From Gregory Doran's Shakespeare Almanac:
  • Nothing this week.

Shakespeare sightings:
  • From The Accidental again (see last Monday's report):
    • A girl working in a supermarket has the name tag “Miranda – Brave New World” - any guesses on the play?
    • And one of the characters is thinking of questions to ask Ask.com (it really exists, I checked) and one of them was: Did Shakespeare really exist? (their answer: absolutely) (I checked that too.)
  • Lynne Truss has written a humorous (honest!) book about punctuation called Eats, Shoots and Leaves – the Zero Tolerance Approach to Punctuation and of course anything that has to do with language use has to include Shakespeare.
    • Truss notes that Peter Hall (I assume she means the founder of the Royal Shakespeare Company) thought that Shakespeare used too much punctuation (well, he did use a lot).
    •  Further, in a discussion on the American use of “period” and the British use of “full stop”, it is pointed out that Shakespeare called it a period in A Midsummer Night's Dream.
    • Thirdly a quote from the book: “Remember that comical pedant Holofernes in Love's Labour's Lost saying, 'You find not the apostraphas, and so miss the accent'? Well, no, of course you don't, nobody remembers anything said by that frightful bore, and we certainly shan't detain ourselves bothering to work out what he was driving at.” Her point is simply that Shakespeare used apostrophes to indicate that he'd left out some letters.
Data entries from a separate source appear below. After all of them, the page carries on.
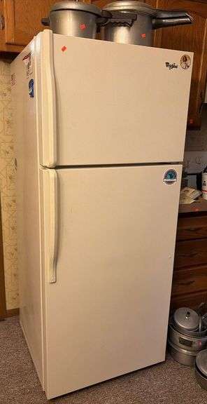 Whirlpool top-freezer refrigerator with a white finish, measuring 28”x31”x67”. Interior includes adjustable shelves, door compartments, and freezer section.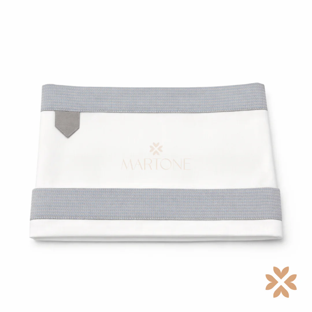 Composto da lenzuolo sopra con doppia fascia in tessuto celeste polvere pied de poule e applicazione decorativa a contrasto, lenzuolo sotto coordinato e federa abbinata.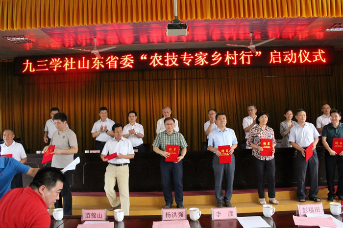 程林主委为“九三学社农技专家服务站”揭牌,并为捐赠医疗器材和学习文体用品的社员企业家、农技专家服务团社员专家颁发捐赠证书和聘书。他说,在我们九三学社七十多年的历史中,在民主与科学的旗帜下,始终聚集了一批有情怀的人,一批勇敢的传播了时代光芒的人。他们的努力与奋斗,促进了国家的政治文明,推动了社会的广泛进步。今天的活动是对我们自身责任的再一次提醒。今年5月份,九三学社山东省委组织专家在张家坡镇调研发现,当地适度规模经营尚未形成,种养结合、农业废弃物循环利用等可持续发展模式还没有得到有效普及,社省委决定聚焦当地的发展需求,充分发挥九三学社人才优势,开展“九三学社农技专家乡村行”活动。我们选出了社内包括长江学者和二级教授在内的8名农业专家,组建了九三学社农技专家服务团;我们还要在这里设立专家服务站,持续为乡亲们提供专业技术服务。希望我们的专家将农业先进技术传播到基层、传授给农民,使我们的农业技术成果转化为生产力,成为老百姓脱贫致富的科技推动力。我们希望能利用科技的力量,提供一些帮助,也传递我们对社会的关注、对善良的坚持和对美好生活的向往。

Just like we do, but he did it all the time.
    • And finally she quotes George Bernard Shaw who uses the title of The Merchant of Venice to prove you should – or shouldn't, I couldn't figure out what he meant – use italics in titles.
  • In the outrageous but rather hilarious new comedy series by Ricky Gervais and Stephen Merchant, some of series star Warwich Davis's clients in his agency Dwarfs for Hire complain that they're not offered rolls as Hamlet or Othello.
  • In the third season of The Big Bang Theory Leonard and Penny are having romance problems and Romeo and Juliet are mentioned a couple of times.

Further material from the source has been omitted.